The Compensation Committee has the responsibility for overseeing potential risks in the incentive compensation arrangements maintained by the Company, the Bank and HVIA. The Compensation Committee has the authority to conduct a review, at least annually, of the compensation arrangements and practices to ensure they do not motivate or incent unnecessary or excessive risk. The Compensation Committee received a report from senior management on its review of the incentive compensation arrangements and practices of the Company, the Bank and HVIA and concluded that the incentive compensation arrangements and practices do not encourage inappropriate risk taking.
Upon request from the Compensation Committee, the Chief Executive Officer and the Human Resources Director provide data, analyses, input and recommendations to the Compensation Committee on executive and director compensation. The Compensation Committee considers our Chief Executive Officer’s performance evaluation of each named executive officer’s performance and recommendation of appropriate total compensation. However, our Chief Executive Officer does not participate in any decisions relating to his own compensation and is not present during any Compensation Committee or Board of Directors deliberations or voting with respect to his total compensation. The Compensation Committee may form and delegate authority and duties to subcommittees for non-executive officers as it deems appropriate.

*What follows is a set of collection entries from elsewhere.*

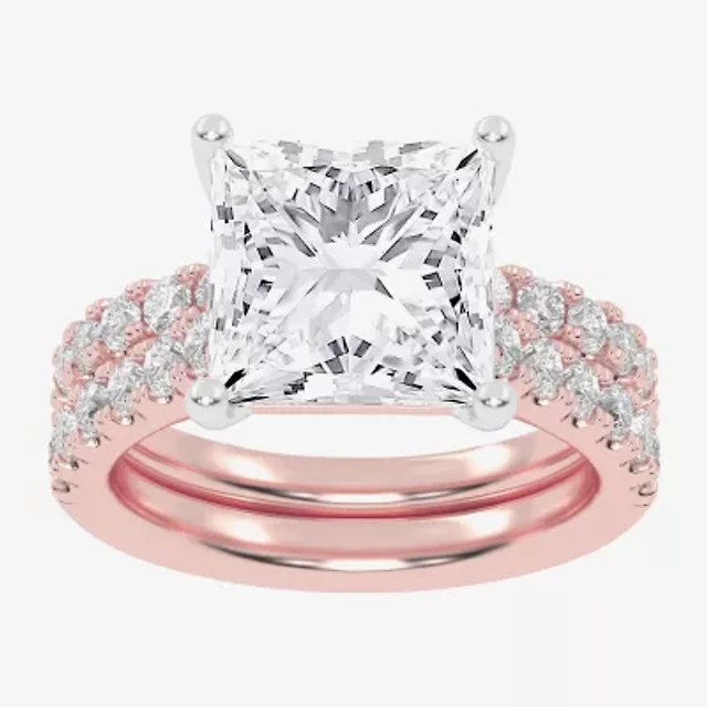 (G / I1) Womens 2 CT. T.W. Lab Grown White Diamond 10K Gold Side Stone Halo Engagement Ring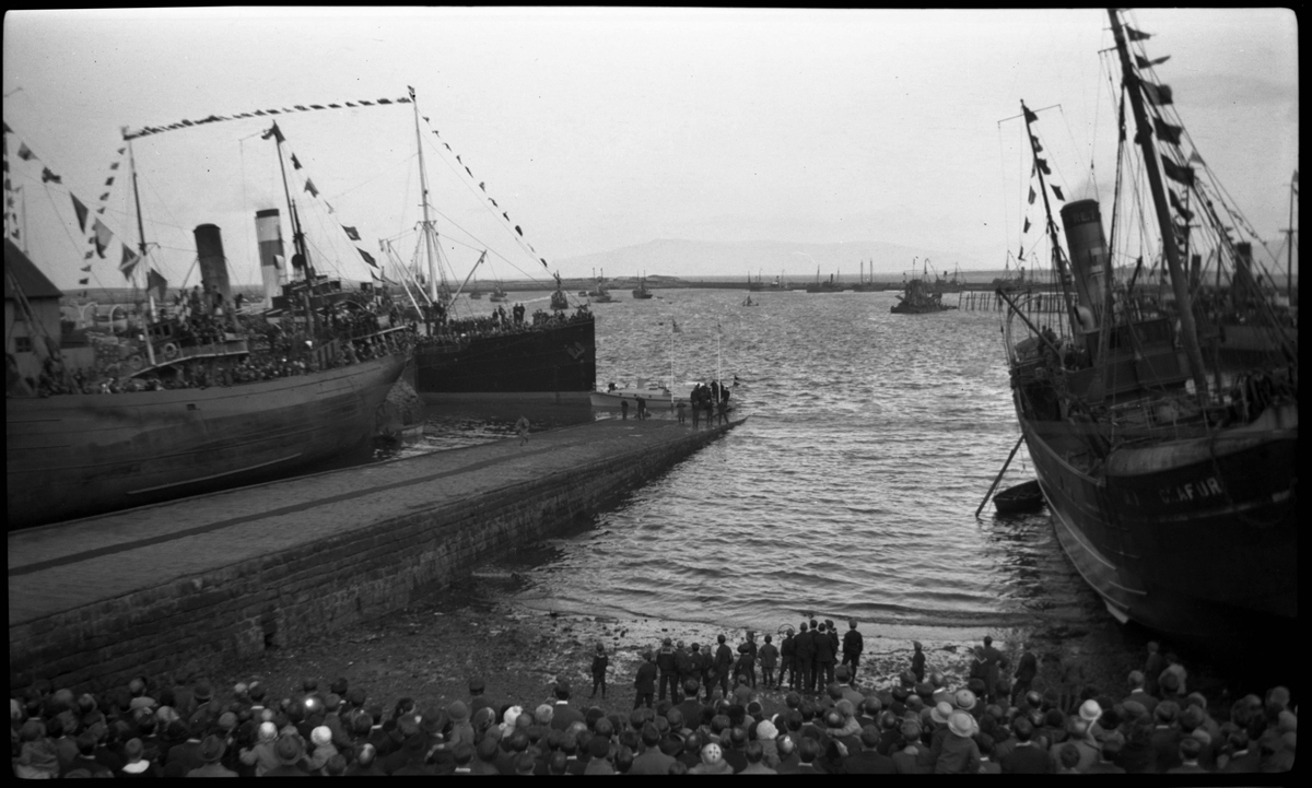 Konungskoma 1926. Frá Reykjavíkurhöfn. Mannfjöldi bíður konungs.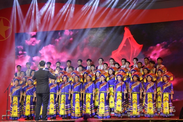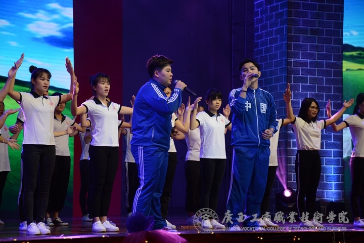 ? ? ? ? 接著,由經(jīng)管系帶來一首振奮人心、鼓舞士氣的情景朗誦與合唱《當(dāng)那一天來臨》 ,小品《我的英雄爺爺》贏得場下觀眾陣陣叫好。緊接著由財信系帶來了詩朗誦《閃耀吧青春的火光》和展示了近四十年來社會生活發(fā)生的變化的舞臺劇《改革開放四十年》。會計系帶來的手語舞《國家》則反映出了國與家、邦與民的深厚感情。馬力老師與院藝術(shù)團聲樂隊帶來的大合唱《海耕謠》、院藝術(shù)團舞蹈隊的舞蹈《中國媽媽》、楊艷老師與財信系合唱《在燦爛的陽光下》、經(jīng)管系情景歌舞《青春的選擇》、思政部思政沙龍的廣西方言朗誦《在中國大地上報道》、會計系《五四禮贊》和《我們的名字叫青春》等節(jié)目。精彩的節(jié)目讓觀眾們沉醉其中,現(xiàn)場歡呼不斷。最后,晚會在青年教師們給我們帶來的合唱《新的天地》中落下了帷幕。

In 2023, the Compensation Committee retained the services of AON, an independent compensation consultant, to review the Company’s Executive Compensation Program which includes salary, annual incentive, and long-term incentive plans for our executive officers and also to review the non-employee director compensation. AON developed a peer group of financial institutions for the Compensation Committee to review and approve and then obtained the compensation data from these peer financial institutions. The Company’s peer banks are located near the New York City Metropolitan area and range in asset size between $1.5 and $5.0 billion. While the Compensation Committee considered input from AON when making compensation decisions, the Compensation Committee’s final compensation decisions reflect many factors and considerations. In addition, the Compensation Committee engaged AON to assist in succession planning and provide the Compensation Committee with guidance on the structure of our Chief Executive Officer’s amended and restated employment agreement.
The Compensation Committee is currently comprised of Directors Keane (Chair), Holcombe and Rowley, each of whom is “independent” in accordance with applicable Securities and Exchange Commission rules and Nasdaq listing standards. The Compensation Committee met eight times during the year ended December 31, 2023.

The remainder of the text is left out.